0
votes

In my program, I'm trying to call the throwDice method in a different class.

public class SimpleDice {  
  private int diceCount;

  public SimpleDice(int the_diceCount){
    diceCount = the_diceCount;
  }

  public int tossDie(){
    return (1 + (int)(Math.random()*6));
  }

  public int throwDice(int diceCount){
           int score = 0;
           for(int j = 0; j <= diceCount; j++){
            score = (score + tossDie());
           }
           return score; 
         }
}

import java.util.*; 

public class DiceTester {
public static void main(String[] args){

  int diceCount;
  int diceScore;

    SimpleDice d = new SimpleDice(diceCount);

    Scanner scan = new Scanner(System.in);
    System.out.println("Enter number of dice.");
    diceCount = scan.nextInt();
    System.out.println("Enter target value.");
    diceScore = scan.nextInt();

    int scoreCount = 0;

    for(int i = 0; i < 100000; i++){
     d.throwDice();
      if(d.throwDice() == diceScore){
        scoreCount += 1;
      }
    }
    System.out.println("Your result is: " + (scoreCount/100000));
}
}

When I compile it, an error pops up for the d.throwdice() and says it can't be applied. It says it needs an int and there are no arguments.
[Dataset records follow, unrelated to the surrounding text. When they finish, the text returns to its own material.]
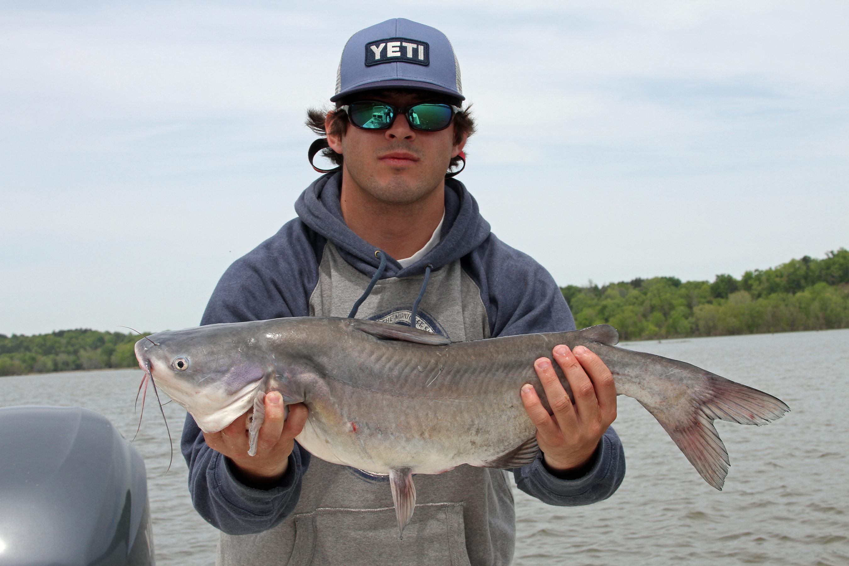 Back to the feeding frenzy we had last week, the blue cats (and occasional channel cat) were hungry. We baited the circle hooks and started tossing out jugs about 25 yards apart and let them drift down the flat. Within five minutes, the action was non-stop, and we worked Hayden non-stop. As soon as a fish was thrown in the live well, another jug would start bobbing.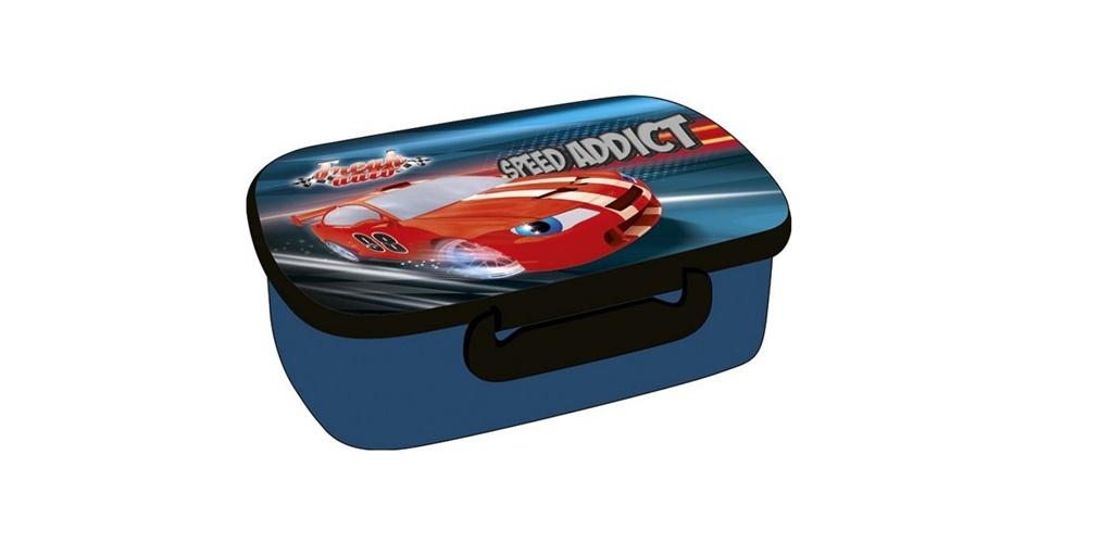 Pojemnik na śniadanie. Wykonany z plastiku - dolna część jednokolorowa, górna - wieczko z wielokolorowym nadrukiem. Zamknięcie plastikowe/zatrzaskowe podwójne na dłuższych bokach. Może służyć również do przechowywania drobiazgów. Nie jest dostosowane do podgrzewania w mikrofalówce, ani do mycia w zmywarce. Szerokość: 17,5 cm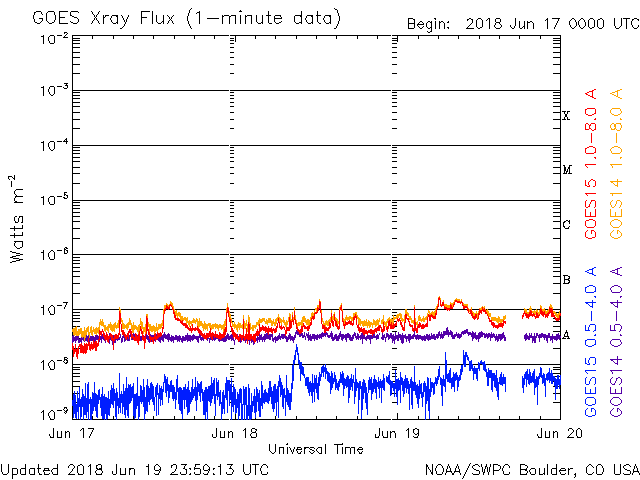 De operationele data in de bovenstaande grafiek werd aangepast om de schaalfactor te verwijderen die werd toegepast door het Space Weather Prediction Center (SWPC). Vanwege de SWPC-schaalfactor in de operationele data werden de zonnevlammen 42% kleiner gerapporteerd dan deze in de wetenschappelijke data. De schaalfactor werd ook verwijderd uit de lijst met zonnevlammen om de werkelijke fysieke eenheden weer te geven.

But I called an int diceCount in the throwDice method, so I don't know what's wrong.

3
Incidentally, throwDice throws the dice diceCount + 1 times because the for loop's condition is j <= diceCount. It will throw the dice for j from 0 through diceCount.rgettman

3 Answers

3
votes
for(int i = 0; i < 100000; i++){
 d.throwDice();
  if(d.throwDice() == diceScore){
    scoreCount += 1;
  }
}

There are two things wrong with this code:

  1. It calls throwDice without an int (you have defined it as public int throwDice(int diceCount), so you must give it an int)
  2. It calls throwDice twice each loop

You could fix it like this:

for(int i = 0; i < 100000; i++){
 int diceResult = d.throwDice(diceCount); // call it with your "diceCount"
                                          // variable
  if(diceResult == diceScore){ // don't call "throwDice()" again here
    scoreCount += 1;
  }
}
1
votes

You've defined throwDice as taking an int as follows:

public int throwDice(int diceCount)

But you are calling it without any args which just won't work:

d.throwDice();
1
votes

throwDice() does require you to pass an int as the parameter:

public int throwDice(int diceCount){..}

And you are providing no arguments:

d.throwDice();

You need to pass an int as the parameter in order to make this work:

int n = 5;
d.throwDice(n);

The variable diceCount on the method declaration of throwDice(int diceCount) only indicates it requires an int as an argument and that the argument will be stored in the variable diceCount, it doesn't actually provide the actual primitive int.

Finally, you are also calling throwDice twice.